Combining these different themes, from apocalypse to office-based and coming-of-age novels, stems from a playfulness she can have when writing. “When you’re just having fun, playing around and experimenting, the stakes are low,” Ma said.

That strategy of mixing varying themes made Ma stand out, Carruth said. “Her ability to mix the real with the surreal was unusual. … She has a very cinematic eye in her writing.”

Ma is set to return as a creative writing professor at her alma mater in January, where she has taught in the past. She said she hasn’t made a plan for the fellowship money but will use it to facilitate her work in some way.

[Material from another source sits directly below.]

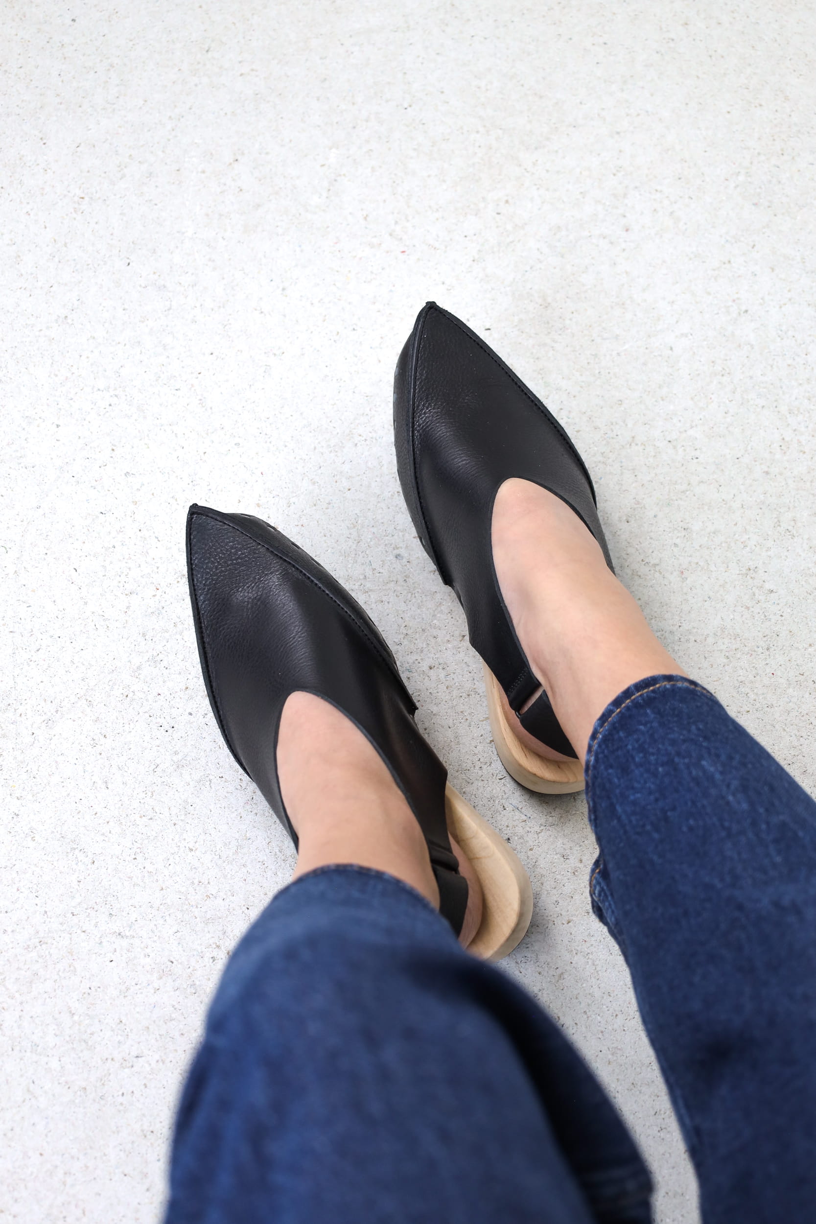 Die markante Spitze dieses Holzclogs wird aus mehreren Nähten modelliert. Um die Ferse gibt ein Klettverschluß-Riemen Halt.

Visual artist Ebony G. Patterson

Born in Kingston, Jamaica, Patterson has split her time between her birthplace and Chicago since 2019. The 43-year-old’s work centers on identity, exploring class, beauty, race and more.

Her interest in those themes developed early in her life at the same when she was learning to draw, she said. She wondered about identity as she saw the differences between time spent with her grandmother in rural Jamaica contrasted with her upbringing in the city, and through a youth group where she worked on social projects in working-class communities.

“I like to think it was a sense of awareness,” she said, “this kind of social engagement.”

While she focuses on these themes, she isn’t looking for answers to them. “My work begins with questions that only garner further questions, and those questions become more questions,” Patterson said.

Patterson tries to force the audience to reengage with their first language: not one that is spoken, but rather what can be understood through sight.

To do this, Patterson mixes different materials. That can include photography, painting, fabrics, textiles or anything in between.

In her 2019 piece that memorialized Black children lost to violence “…when they grow up…,” she used kid’s toys and images of children interacting with each other to evoke the audience’s memories of childhood.

“It reminds us to connect with what’s beautiful and magical and yet very grounded in humanity and connection with place and community,” Carruth said of Patterson’s work. “That’s easy to forget sometimes.”

Patterson said while she has no specific plans for the fellowship money yet, she knows it gives her flexibility.

“What this means is time,” she said. “Time and space to think, and also time and space to do nothing because doing nothing is doing something.”